Files that were needed:
linux/nvme.h
linux/blkdev.h
linux/blk_types.h
linux/bvec.h'
linux/highmem.h
linux/bug.h
asm/bug.h
and many more
Copying the entire Kernel build
I got tired of adding them one by one so I went the simplest route, which is creating a new device where I put the entire kernel build, mount it in the VM and install everything. I'm likely not going to touch any of the header files for now so this should work fine. Then simply mount the device with the kernel build and install everything
sudo mkdir /mnt/kernel
# Mount with whatever device you have
sudo mkfs.ext4 /dev/nvme2n1
sudo mount /dev/nvme2n1 /mnt/kernel
sudo chown -R user /mnt/kernel
Then copy the kernel from the host to the VM (I exclude my qemu setup stuff as it's all the backing images for the nvme devices)

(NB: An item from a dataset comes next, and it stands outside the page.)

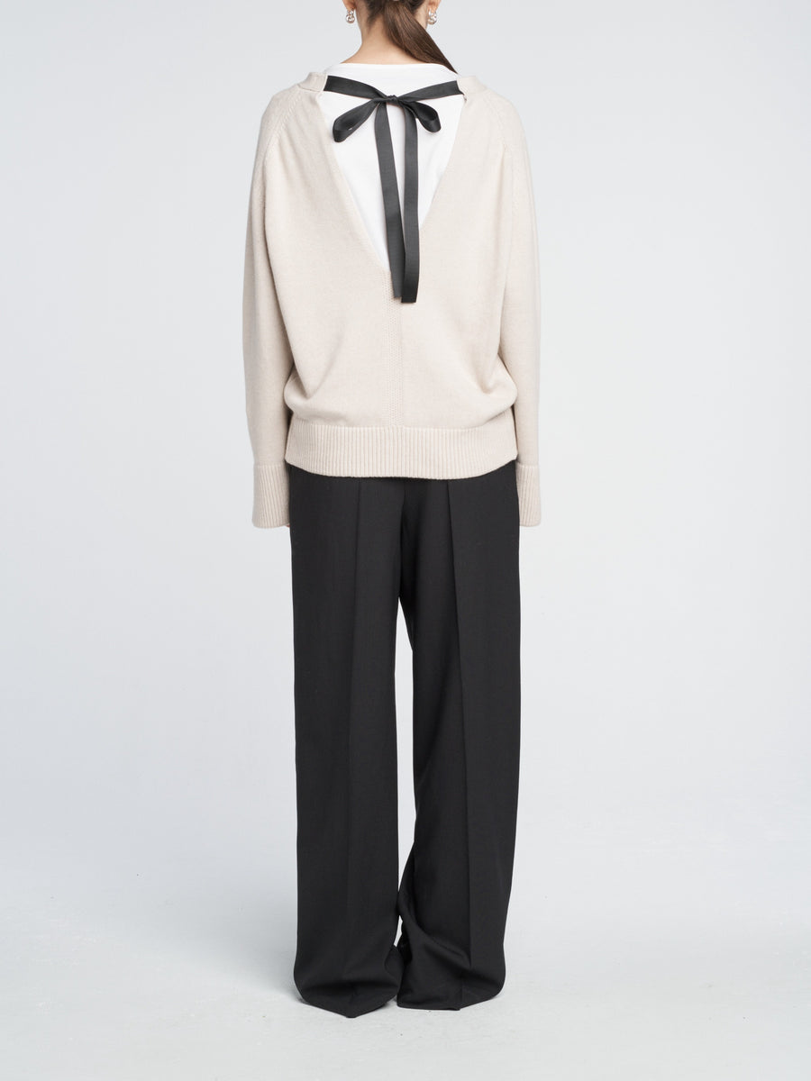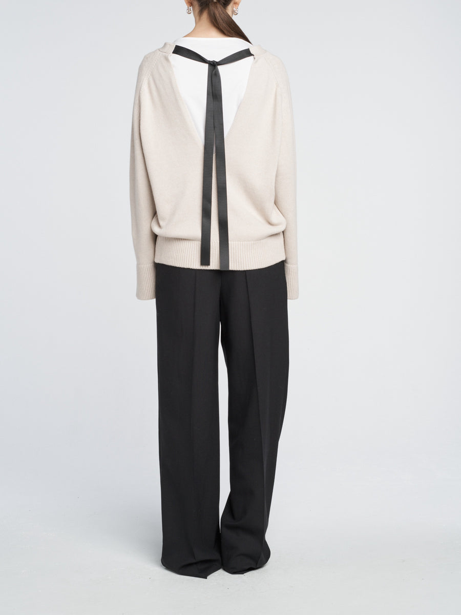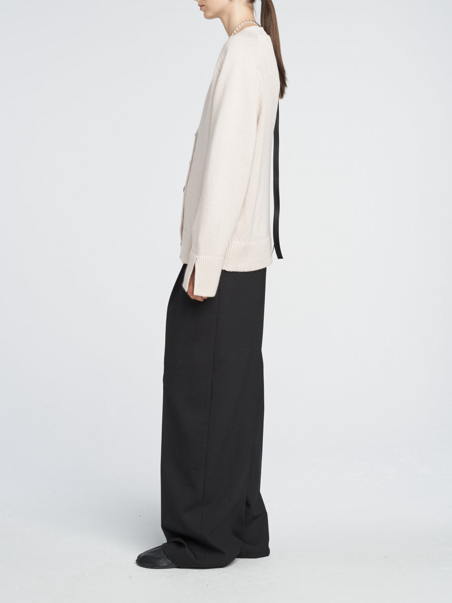 The Ribbon Cardigan in ivory is a novel approach to the classic cardigan. Made in a soft Italian cashmere cotton blend, this oversized cardigan is defined by a tear drop opening at the back finished with a black ribbon close. Completed with a deep V neck, slits at the cuffs, and our signature black corozo buttons.

rsync -e 'ssh -p 8888' --progress -a --exclude={'qemu/','.git/'} f2fs/ [email protected]:/mnt/kernel/
Then we can install all the header files
sudo make headers_install
Now we run into more errors of an older libc version
user@stosys:/mnt/kernel$ sudo make headers_install
HOSTCC scripts/unifdef
scripts/basic/fixdep: /lib/x86_64-linux-gnu/libc.so.6: version `GLIBC_2.33' not found (required by scripts/basic/fixdep)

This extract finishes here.